Recorded information -
__________________________________________________
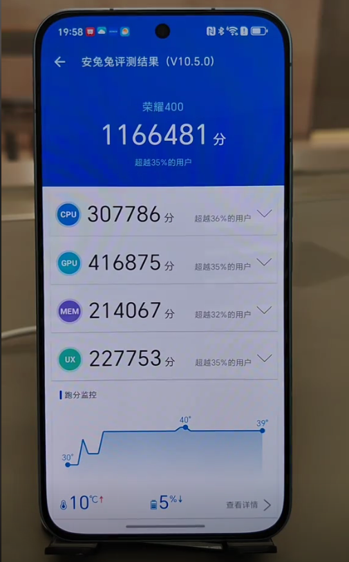 116萬(wàn)分左右,榮耀400采用的是驍龍7Gen4處理器,其性能天花板并不高,安兔兔測(cè)試跑分在116萬(wàn)分左右,并不高,屬于中端偏下的水平。
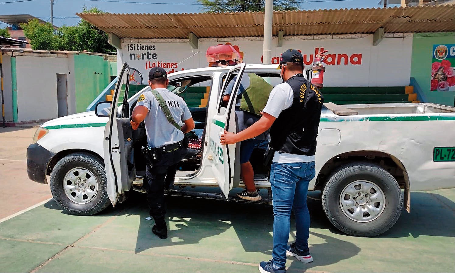 Los detenidos fueron identificados como Jeanpiero J.A.(18), “Chino”; Fabián G.G.(25), “Fabi” y Jhamir V.CH. (20), “Cheka” que iban en un mototaxi por la calle Cuatro, cerca al estadio Campeones del 36 en Sullana.
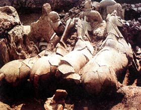 There were passageways to the underground tomb from the four directions of east, south, west and north. These passages were very large and peculiar in layout. For example, horses and chariots were excavated in one of the chambers in the western tomb passage. Some were painted wood with canopies, others were bronze, hitched to horses and decorated with colored drawings. Every chariot had a single shaft and double wheels and was harnessed to four horses. These bronze chariots and horses, excavated in November I980, were two groups of imperial chariots: Four of "security" and four high ones. High chariots, driven by drivers wearing swallow-tailed caps, battle robes and swords preceded the "security" chariots ridden by drivers sitting back to the rear. The castings are in proportions half the size of live men, horses and chariots. These vivid excavations are precious bronze arts.
__________________________________________________
Exercise details - Please retype the material above exactly, and omit its images.

Solved problem -
 116萬(wàn)分左右,榮耀400采用的是驍龍7Gen4處理器,其性能天花板并不高,安兔兔測(cè)試跑分在116萬(wàn)分左右,并不高,屬于中端偏下的水平。
 Los detenidos fueron identificados como Jeanpiero J.A.(18), “Chino”; Fabián G.G.(25), “Fabi” y Jhamir V.CH. (20), “Cheka” que iban en un mototaxi por la calle Cuatro, cerca al estadio Campeones del 36 en Sullana.
 There were passageways to the underground tomb from the four directions of east, south, west and north. These passages were very large and peculiar in layout. For example, horses and chariots were excavated in one of the chambers in the western tomb passage. Some were painted wood with canopies, others were bronze, hitched to horses and decorated with colored drawings. Every chariot had a single shaft and double wheels and was harnessed to four horses. These bronze chariots and horses, excavated in November I980, were two groups of imperial chariots: Four of "security" and four high ones. High chariots, driven by drivers wearing swallow-tailed caps, battle robes and swords preceded the "security" chariots ridden by drivers sitting back to the rear. The castings are in proportions half the size of live men, horses and chariots. These vivid excavations are precious bronze arts.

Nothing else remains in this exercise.